▶ **Task item**: Repeat exactly the lines of the material below that run from the "Светодиодная лента RT-A252, открытая." line to the "The figure also" line, including both, and do not carry over any pictures.

*** Opening of Exercise inputs ***

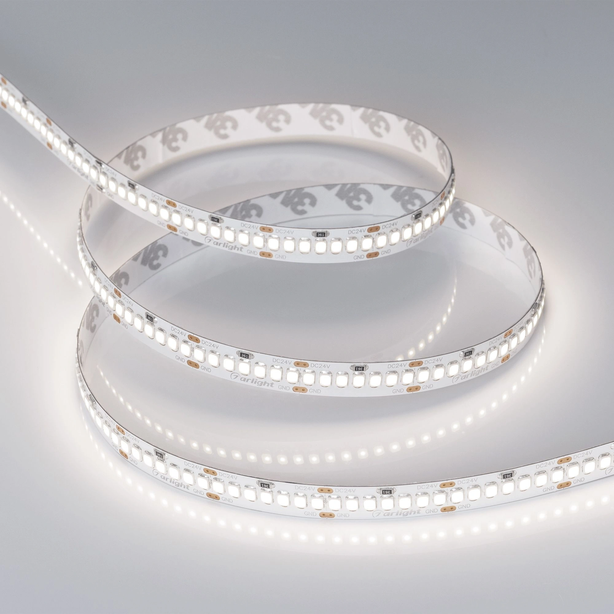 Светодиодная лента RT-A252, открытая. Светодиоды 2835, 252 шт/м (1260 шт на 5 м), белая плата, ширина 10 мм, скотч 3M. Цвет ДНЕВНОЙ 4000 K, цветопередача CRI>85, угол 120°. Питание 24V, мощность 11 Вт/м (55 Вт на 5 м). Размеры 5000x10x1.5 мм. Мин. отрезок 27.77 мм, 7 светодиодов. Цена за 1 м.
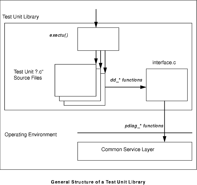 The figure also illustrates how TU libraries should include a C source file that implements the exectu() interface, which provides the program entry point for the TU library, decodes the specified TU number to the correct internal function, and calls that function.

*** Close of Exercise inputs ***
*** Opening of Exercise inputs ***

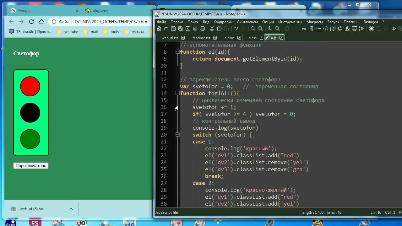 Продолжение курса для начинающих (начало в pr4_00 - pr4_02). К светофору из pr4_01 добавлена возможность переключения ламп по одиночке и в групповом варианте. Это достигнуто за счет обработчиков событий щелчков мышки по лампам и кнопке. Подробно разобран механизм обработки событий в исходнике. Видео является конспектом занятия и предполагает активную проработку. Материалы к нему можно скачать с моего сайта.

*** Close of Exercise inputs ***
*** Opening of Exercise inputs ***

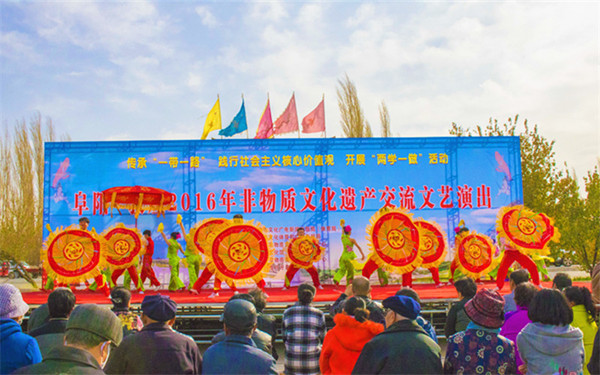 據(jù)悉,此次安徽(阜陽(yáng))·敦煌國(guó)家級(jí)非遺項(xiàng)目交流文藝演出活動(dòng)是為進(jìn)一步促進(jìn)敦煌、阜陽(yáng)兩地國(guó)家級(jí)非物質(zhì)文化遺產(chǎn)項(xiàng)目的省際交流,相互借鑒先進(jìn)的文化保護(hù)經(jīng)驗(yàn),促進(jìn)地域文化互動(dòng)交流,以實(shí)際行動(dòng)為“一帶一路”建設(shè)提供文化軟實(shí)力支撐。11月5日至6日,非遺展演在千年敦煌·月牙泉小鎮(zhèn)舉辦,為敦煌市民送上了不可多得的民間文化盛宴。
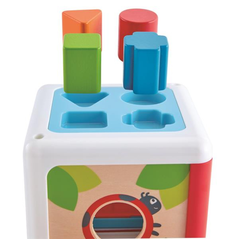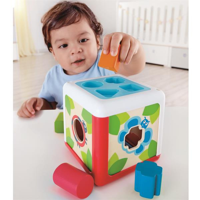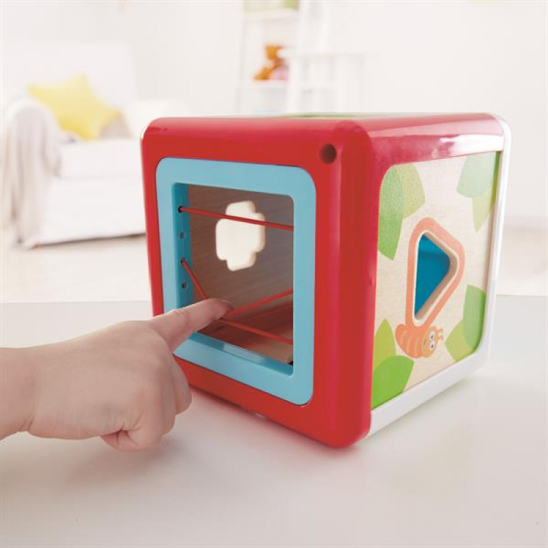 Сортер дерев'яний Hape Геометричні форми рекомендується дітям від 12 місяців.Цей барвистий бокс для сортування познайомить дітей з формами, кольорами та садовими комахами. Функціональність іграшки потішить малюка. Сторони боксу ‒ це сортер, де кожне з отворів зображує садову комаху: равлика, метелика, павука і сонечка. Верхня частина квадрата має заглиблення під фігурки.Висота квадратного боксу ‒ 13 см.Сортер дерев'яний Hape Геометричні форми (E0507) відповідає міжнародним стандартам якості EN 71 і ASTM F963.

*** Close of Exercise inputs ***

▶ **Answer box**:
 Светодиодная лента RT-A252, открытая. Светодиоды 2835, 252 шт/м (1260 шт на 5 м), белая плата, ширина 10 мм, скотч 3M. Цвет ДНЕВНОЙ 4000 K, цветопередача CRI>85, угол 120°. Питание 24V, мощность 11 Вт/м (55 Вт на 5 м). Размеры 5000x10x1.5 мм. Мин. отрезок 27.77 мм, 7 светодиодов. Цена за 1 м.
 The figure also illustrates how TU libraries should include a C source file that implements the exectu() interface, which provides the program entry point for the TU library, decodes the specified TU number to the correct internal function, and calls that function.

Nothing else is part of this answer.